### Given information
┏━━

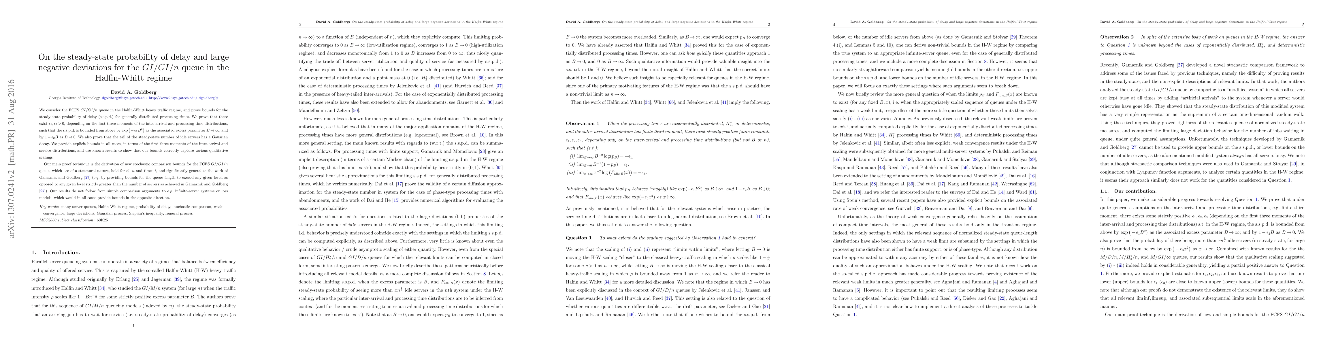 We consider the FCFS $GI/GI/n$ queue in the Halfin-Whitt heavy traffic regime, and prove bounds for the steady-state probability of delay (s.s.p.d.) for generally distributed processing times. We prove that there exist $\epsilon_1, \epsilon_2 > 0$, depending on the first three moments of the inter-arrival and processing time distributions, such that the s.s.p.d. is bounded from above by $\exp\big(-\epsilon_1 B^2\big)$ as the associated excess parameter $B \rightarrow \infty$; and by $1 - \epsilon_2 B$ as $B \rightarrow 0$. We also prove that the tail of the steady-state number of idle servers has a Gaussian decay. We provide explicit bounds in all cases, in terms of the first three moments of the inter-arrival and service distributions, and use known results to show that our bounds correctly capture various qualitative scalings. \\\indent Our main proof technique is the derivation of new stochastic comparison bounds for the FCFS $GI/GI/n$ queue, which are of a structural nature, hold for all $n$ and times $t$, and significantly generalize the work of \citet{GG.10c} (e.g. by providing bounds for the queue length to exceed any given level, as opposed to any given level strictly greater than the number of servers as acheived in \citet{GG.10c}). Our results do not follow from simple comparison arguments to e.g. infinite-server systems or loss models, which would in all cases provide bounds in the opposite direction.
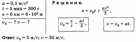 Определите начальную v0 и конечную v скорости мотоцикла, если он, двигаясь с постоянным ускорением а = 0,1 м/с2, за время t = 5 мин преодолел расстояние s = 6 км
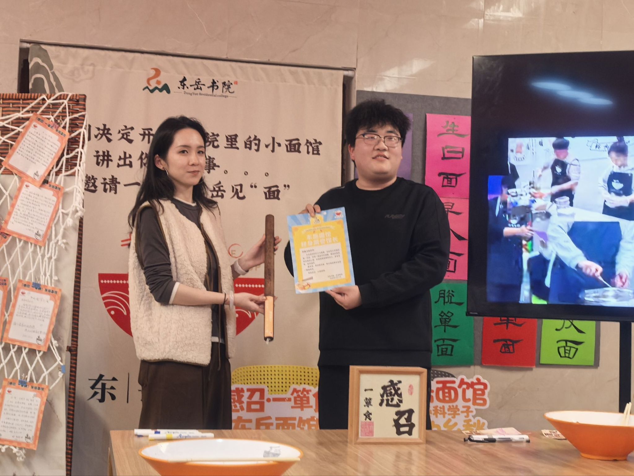 本次特别邀请上一任面馆馆长曹月阳(现育英书院发展导师)上台,回顾了自己在面馆的点点滴滴:“以前自己在面馆是为大家做面的人,今后再来面馆将是吃面的人”。随后与杜晓彤老师相互交换了象征着传承的“擀面杖”和“东岳面馆终身荣誉馆长”荣誉证书,现场掌声不断,温情满满。
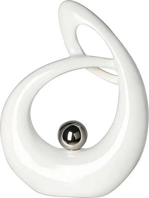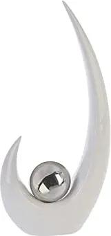 Moderne Skulptur Figur Move - aus Keramik in weiß/Silber mit silberner Kugel - Höhe 37 cm

┗━━

### Activity
Leave out the pictures and output the rest of the material exactly as written.

### Result for this exercise
 We consider the FCFS $GI/GI/n$ queue in the Halfin-Whitt heavy traffic regime, and prove bounds for the steady-state probability of delay (s.s.p.d.) for generally distributed processing times. We prove that there exist $\epsilon_1, \epsilon_2 > 0$, depending on the first three moments of the inter-arrival and processing time distributions, such that the s.s.p.d. is bounded from above by $\exp\big(-\epsilon_1 B^2\big)$ as the associated excess parameter $B \rightarrow \infty$; and by $1 - \epsilon_2 B$ as $B \rightarrow 0$. We also prove that the tail of the steady-state number of idle servers has a Gaussian decay. We provide explicit bounds in all cases, in terms of the first three moments of the inter-arrival and service distributions, and use known results to show that our bounds correctly capture various qualitative scalings. \\\indent Our main proof technique is the derivation of new stochastic comparison bounds for the FCFS $GI/GI/n$ queue, which are of a structural nature, hold for all $n$ and times $t$, and significantly generalize the work of \citet{GG.10c} (e.g. by providing bounds for the queue length to exceed any given level, as opposed to any given level strictly greater than the number of servers as acheived in \citet{GG.10c}). Our results do not follow from simple comparison arguments to e.g. infinite-server systems or loss models, which would in all cases provide bounds in the opposite direction.
 Определите начальную v0 и конечную v скорости мотоцикла, если он, двигаясь с постоянным ускорением а = 0,1 м/с2, за время t = 5 мин преодолел расстояние s = 6 км
 本次特别邀请上一任面馆馆长曹月阳(现育英书院发展导师)上台,回顾了自己在面馆的点点滴滴:“以前自己在面馆是为大家做面的人,今后再来面馆将是吃面的人”。随后与杜晓彤老师相互交换了象征着传承的“擀面杖”和“东岳面馆终身荣誉馆长”荣誉证书,现场掌声不断,温情满满。
 Moderne Skulptur Figur Move - aus Keramik in weiß/Silber mit silberner Kugel - Höhe 37 cm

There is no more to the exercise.